Zara Morgan, Managing Editor/Features Editor

UPDATED March 3, 2022 12:20 p.m.

Yik Yak is a messaging app that was created in Nov. 2013 and has recently garnered much popularity around Fayette County. The app has two unique anonymous messaging boards. The first messaging board is composed of people located only in a five mile radius of the user and the second messaging board is composed of messages that are the most popular throughout the entire country. The app’s mission is found in their slogan to help people “find your herd.”

The app was created as a hobby by Tylar Droll and Brooks Buffington, graduates of Furman University South Carolina. Their main goal for the app at the time was to give college students a platform for gossip. Depending on the success/number of upvotes your “yak,” or message, received the more “Yakarama” one received.

According to the Next Web, “You can think of it as an equivalent of the Reddit karma score.”

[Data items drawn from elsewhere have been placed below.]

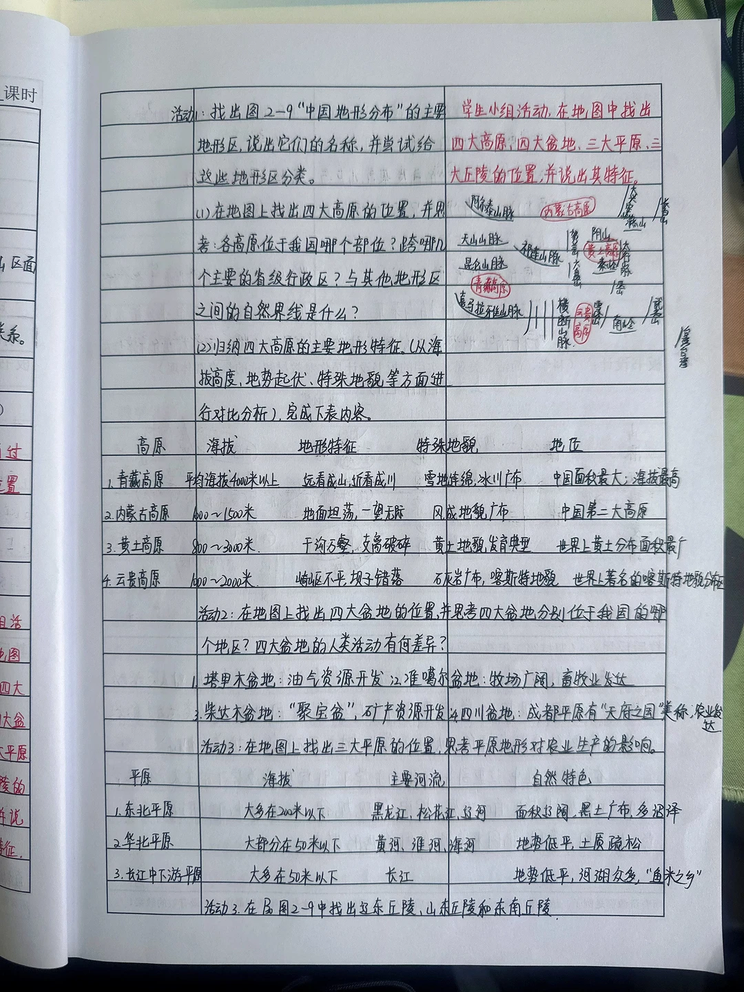 中国的地形终于写完了,写了3个课时,山脉篇、地形篇、地势篇。
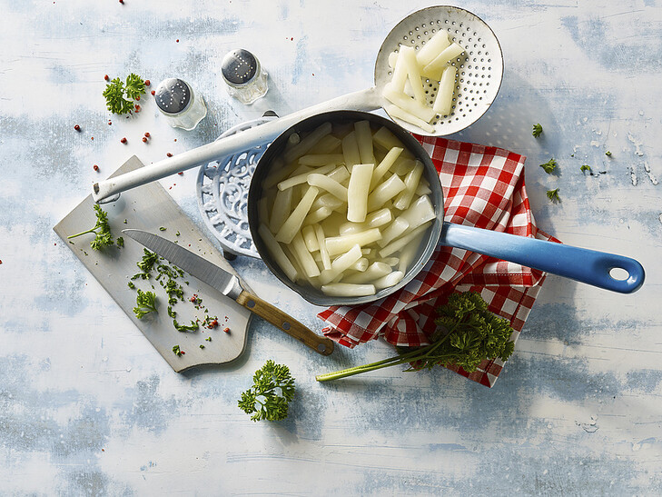 Das beliebte Wurzelgemüse aus dem Erdreich: Sorgfältig geputzte und blanchierte weiße Schwarzwurzelstücke. Zart und cremig schmelzend im Geschmack. Ein Edelgemüse, das sehr gut zu einem gebratenen Steak oder zu einem gedünstetem Fischfilet passt. Mit Butter, etwas Salz und einer Prise Muskat würzen.
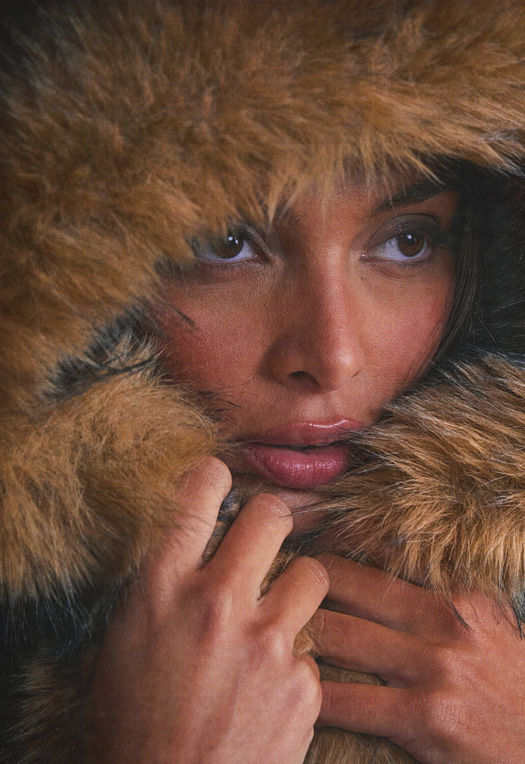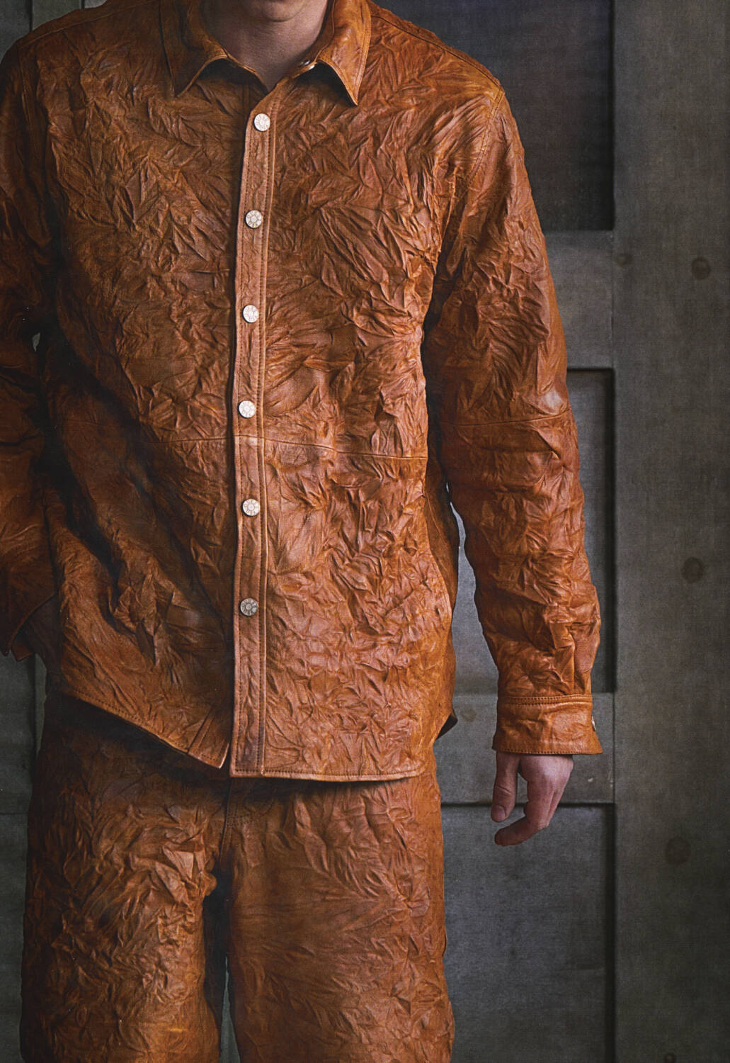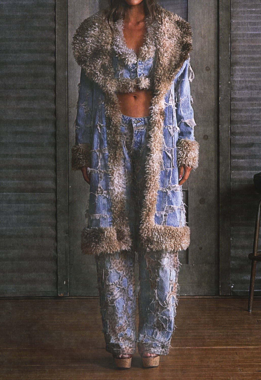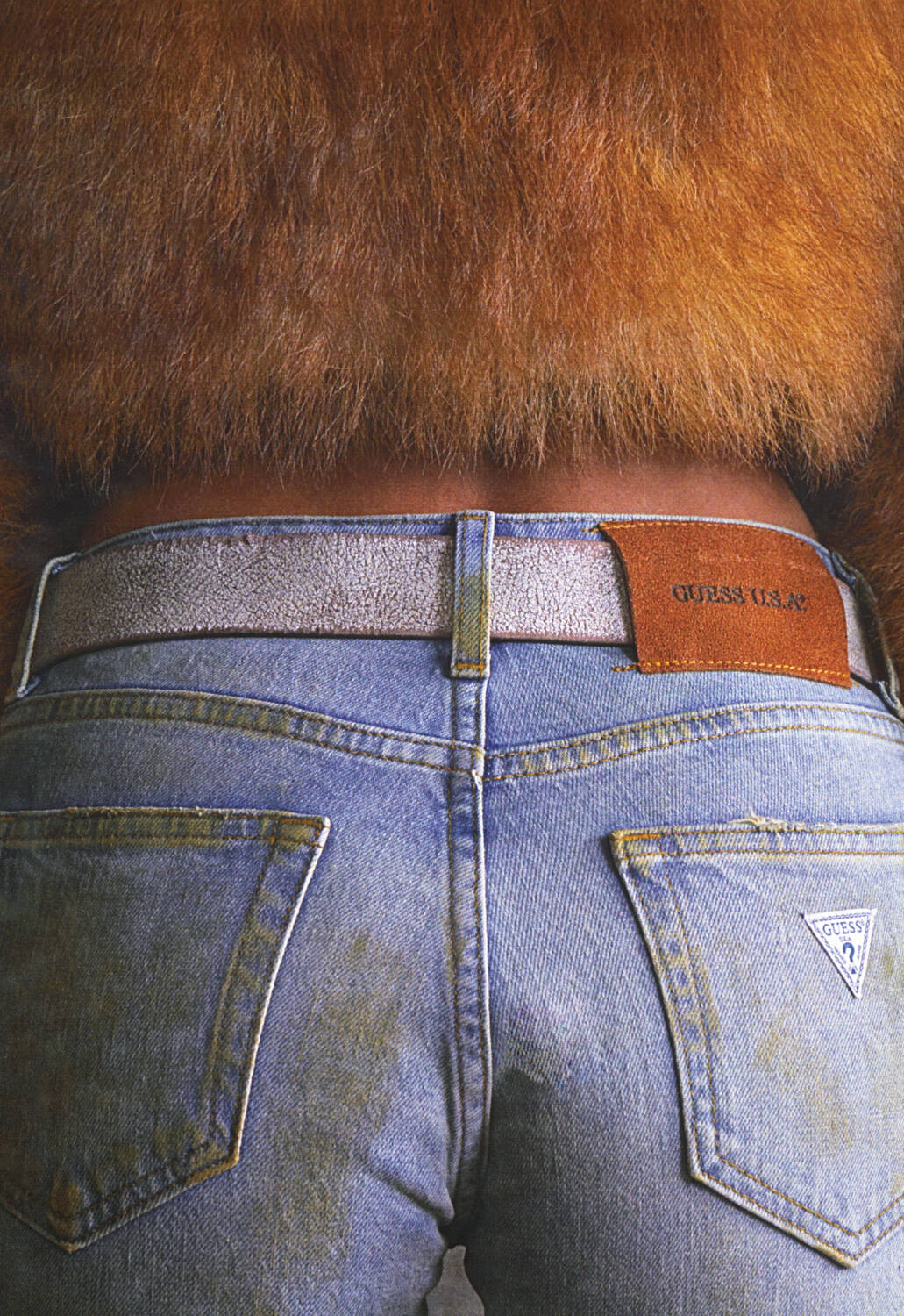 Faux fur takes centre stage, turning up the drama with gold-tinted boleros, patchworked animal-print bombers and a Penny Lane-inspired shearling jacket that wraps you up like your favourite roadie. Crinkled leather – straight from the Guess archives – is reimagined on long trenches, trucker jackets and micro miniskirts, giving off a perfectly dishevelled ‘I woke up like this’ feel. Meanwhile, baggy oil spill-dyed jeans and burnt-effect patchwork denim play dirty in the best way.
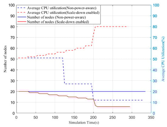 We compared the average CPU utilization, the execution time, and power consumption of the cluster by conducting experiments with the proposed algorithms. Figure 5 shows the average CPU utilization and the number of nodes in a cluster using the non-power-aware (default) method and the proposed scale-down algorithm. Notice that we do not present the number of nodes or the average CPU utilization of DVFS due to the fact that they are the same as the non-power-aware method. For the non-power-aware approach, the number of nodes remains unchanged during the simulation. Moreover, we can also see that the average CPU utilization decreases dramatically at around 125 s and 195 s when virtual machines with greater CPU capacity finish their tasks. By contrast, those nodes with less CPU utilization take longer to process the allocated jobs. The scale-down algorithm makes it possible to remove underutilized nodes, so the number of active nodes decreases steadily before 200 s. Similarly, a sharp drop appears at 200 s when the nodes complete their tasks. However, the average CPU utilization shows an opposite trend that increases stably. By moving jobs from less active nodes to more efficient nodes, the execution time is also reduced. Overall, the scale-down-enabled policy can improve the average CPU utilization of a cluster by removing underutilized nodes.
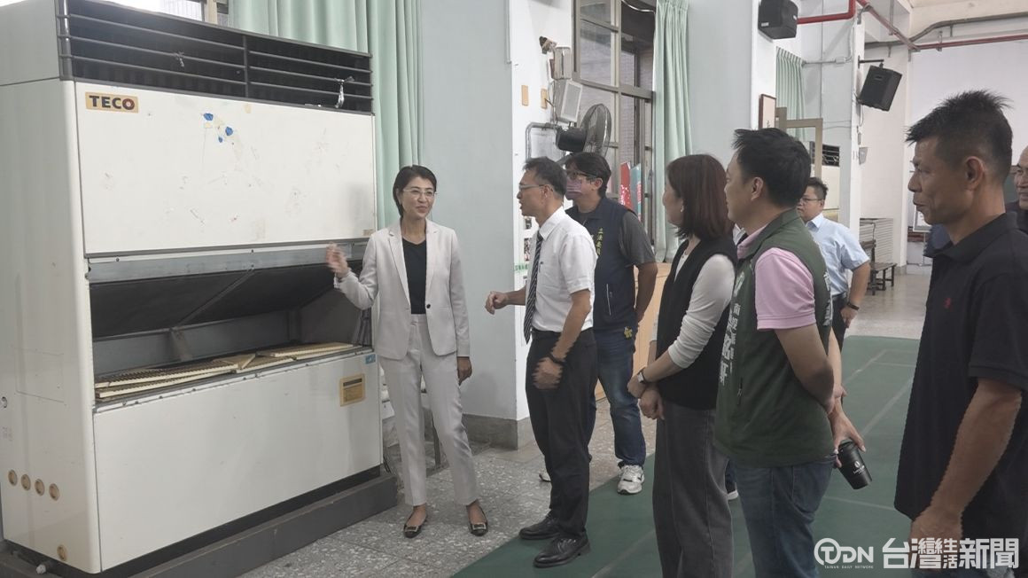 ▲圖為南投縣長許淑華等人前來敦和國小,勘查活動中心的冷氣設備/記者林妤昕攝
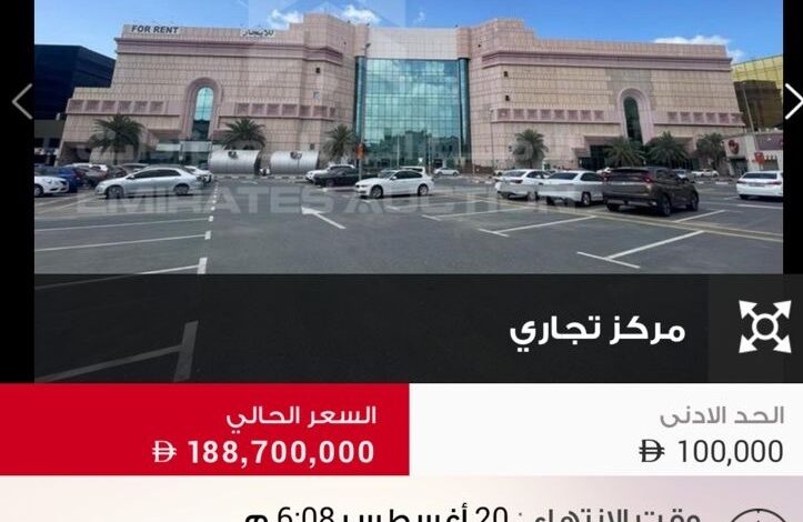 بيع مركز «لامسي بلازا» للتسوق، الواقع في منطقة عود ميثاء بدبي، بقيمة 188.7 مليون درهم، وذلك خلال مزاد أقيم يوم الأربعاء الموافق 20 أغسطس الجاري.

As the platform grew, it gained more complex features such as a profile option and map. The app became a major platform for inappropriate and racist comments. Eventually, the popularity of the app reached a point low enough to shut the app down in its entirety. Despite the shutdown, the app was sold for less than $3 million dollars to a company called Square.

Four years later, Yik Yak was revived in Aug. 2021. In a tweet sent out on Aug. 16, 2021, Yik Yak said, “ICYMI: After a 4-year hiatus, Yik Yak is available in the App Store again! Anonymity, location-based, the hot feed & more — everything you used to love about Yik Yak! Now available on iPhone in the US — more countries and devices coming soon.”

Mainly, users from McIntosh and the surrounding area have started to use Yik Yak as a platform for online harassment and bullying of other students.

Some of the comments have been milder. One user wrote “Anime recommendations?” and was given the recommendations of “Attack on Titan” and “One Piece.”

However, these comments are few and far between. Despite the app being anonymous, with probable cause the school does have the right to subpoena the records from the Yik Yak in order to find the identities behind the users and there are potentially severe consequences for students that choose to use Yik Yak for bullying and harassment.

According to Officer Brandon Weathersby, “[Punishments] could be a student discipline at the school or it can go as far as criminal charges.”

Many McIntosh students have been under the subject of severe scrutiny on the messaging board. Some users of the app have expressed that they are grateful for not being gossipped about by expressing relief for their lack of popularity.

One of the anonymous users commented, “Me being thankful that I’m relevant, but not relevant enough to be posted. Amen.”

Another user summarized the app best when they compared the app to Nextdoor, an app that focuses on connecting communities. The user wrote, “This app is like next door, but with cyberbullying.”

“[I]t’s putting people down, hurting people’s feelings, and it’s causing a lot of friction between students,” Weathersby said. “There’s people that are saying inappropriate and rude stuff to students, and it’s uncalled for.”

“It’s an easy way for people to be malicious to one another,” senior Jason Lawson said. “Anonymity only goes so far when everyone is immature.”